2) There were concerns about the statistical methods. First, in the operant training group authors performed more than one statistical test, but did not account for multiplicity, which pose a risk of false discovery. Further, in one of those tests (Figure 4B), authors report one-tailed t-test, which seems unjustified (one-tailed should only be used in cases where it is impossible to obtain the other tail, which is not the case here if we understand the measures correctly). Given that the one-tailed test gave p<0.02, and that multiple comparisons were not accounted for, the correct p-value should be 0.08.

We have revised our statistical testing in consultation with the biostatistics service of the UCSF Clinical and Translational Science Institute. In an expanded “Statistics” subsection of Materials and methods, we provide a more detailed description of statistical testing, and include additional information regarding directionality of hypothesis testing and corrections for multiple comparisons in the main text and figure legends.

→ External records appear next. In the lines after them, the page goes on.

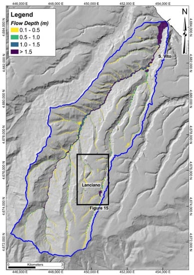 On 22 June 2018, a heavy rainfall event affected, for a short time (~4 h), the Feltrino Stream basin, and especially the municipality of Lanciano. This event was characterized by a cumulative rainfall of ~75 mm in 4 h but was highly concentrated (~55 mm in 1 h and ~68 mm in 3 h, from 16:00 to 19:00; Figure 8a) in the Lanciano area. The return period of this event was from 30 years (55 mm/1 h) to 16 years (75 mm/4 h; Figure 5g,h). Moderate rainfall occurred on the coastal area of the Feltrino basin (~5 mm/h with a cumulative ~17 mm, S. Vito; Figure 8b). A storm with these characteristics (rainfall ≥55 mm in 1 h) was recorded at least 8 times over the 86-year time series (Figure 5c). The time of concentration (Tc), from the Lanciano rainfall gauge to the Feltrino–S. Vito hydrometric gauge was empirically calculated to be ~70 min. Tc from the S. Vito–C.le Capuano to the Feltrino–S. Vito hydrometric gauges resulted in ~46 min. These values are short due to the small basin size and were confirmed by the shifting of the hourly/cumulative rainfall and hydrographic level graphs for this event (Figure 8). The graph outlines Tc = ~2 h from the Lanciano rainfall gauge to the Feltrino–S. Vito hydrometric gauge, and Tc = ~1 h from the S. Vito–C.le Capuano rainfall gauge to the Feltrino–S. Vito hydrometric gauge. For this event, the Tc values confirm the typical characteristics of a flash flood.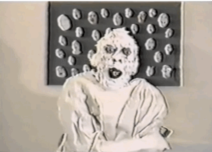No, just my own thoughts. That's what she paints on the walls of my mind.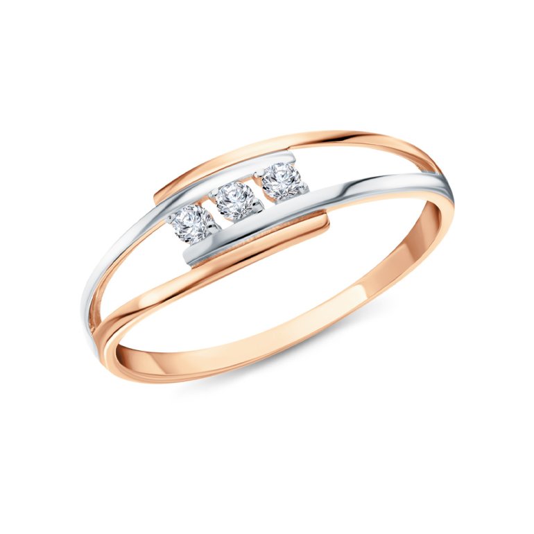 Кольцо, вставка: фианитом бесцветным; Розовое золото 585 пробы.
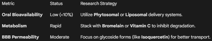 In advanced stack design, Quercetin is utilized as a "structural maintenance" nootropic rather than an acute stimulant.

We previously used one-tailed tests in instances where there was a directional hypothesis based on prior results. For example, we had hypothesized prior to the conduct of the cross-fostering experiments that home-reared birds would learn better than cross-fostered birds (rather than that they simply would be different, without regard to directionality). Similarly, for the computer tutoring experiments, we hypothesized that birds would learn better from tutor songs that had tempos matched to their genetic bias than from tutor songs that were unmatched. Our statistical consultancy endorsed the view that in cases such as this, where there is a directional hypothesis, one-tailed tests are appropriate. However, there is not universal agreement about what is the best practice, and we have therefore adopted the reviewer’s suggestion that we use more conservative two-tailed tests for the data in Figure 4B. Regarding multiple comparisons, we now use Holm-Bonferroni corrected p-values for statistical tests in all cases. Use of two-tailed tests versus one-tailed tests, and corrections for multiple comparisons, did not alter the statistical significance of any results of the study,

With respect to the results of Figure 4B: The p values for the one-tailed tests in Figure 4B that we previously reported as p < 0.02, had specific values of p = 0.006 (for comparison of F = T vs. F > T), p = 0.000004 (for comparison of F = T vs. F < T), and p = 0.0032 (for comparison of F < T vs. F>T). All three tests remain significant at p < 0.02 after switching to two-tailed tests and correcting for multiple comparisons using a Holm-Bonferroni correction.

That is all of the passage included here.